My opinion on your opinion. You may not like it…

Your opinion is probably right and no doubt well researched, comes from a deep well of experience and is just bursting out of you full of passion and certainty. Or it is wrong, borne out of ignorance and fear or sourced from the writings of people as misguided as yourself. Either way, it is needy for the ears and eyes of strangers, for the sage nods of recognition and the digital thumbs up that pass for agreement these days.

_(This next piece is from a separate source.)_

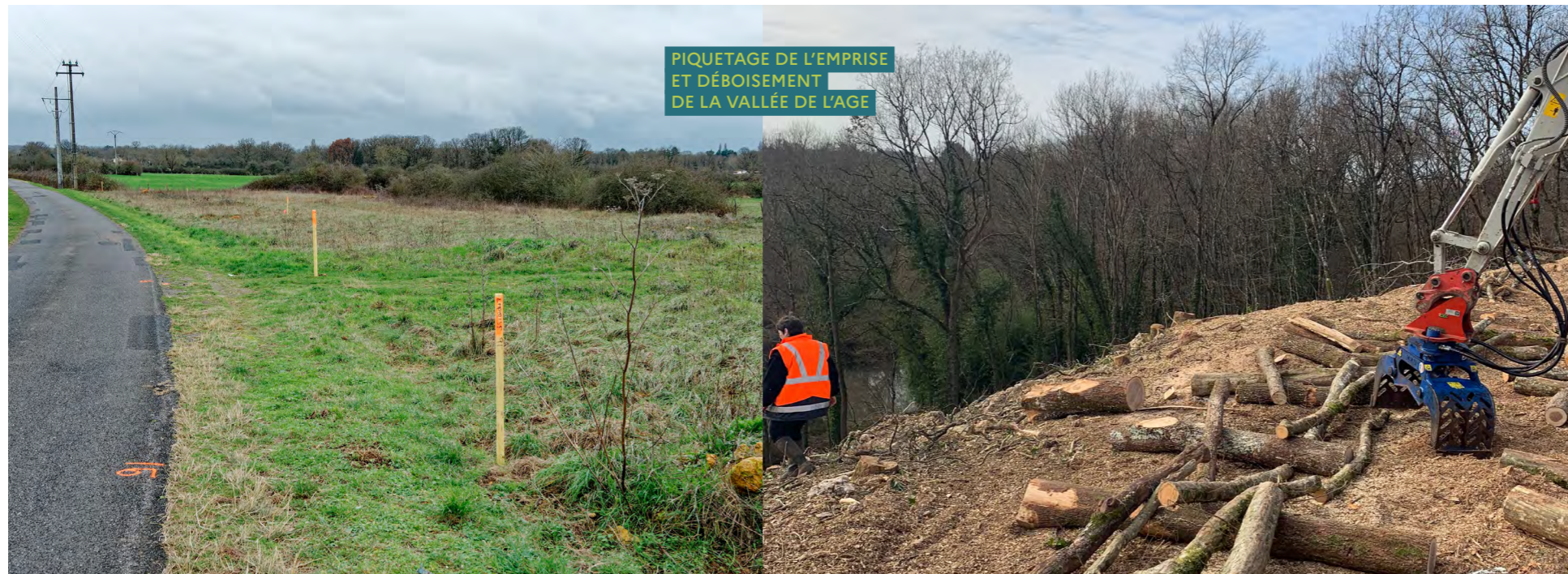
PIQUETAGE DE L'EMPRISE ET DÉBOISEMENT DE LA VALLÉE DE L'AGE

Here’s the thing. Whether you’re en pointe and bang on and pitching perfectly, or dangerously wrong and flailing about like Trump at a hastily called press conference, do feel free to stop adding your sanctimonious judgement to your opinion.

You check out your opinion in the mirror. It looks good on you. It hugs in all the right places. In the light you’re standing in, it makes you look a little taller, and accentuates all your best assets. But I tried it on after you left, and you said it looked great as you left, but it made me feel small. It didn’t take my history into account and I felt uncomfortable at how constricting it was around my throat. It just didn’t fit me, but it was so right on you.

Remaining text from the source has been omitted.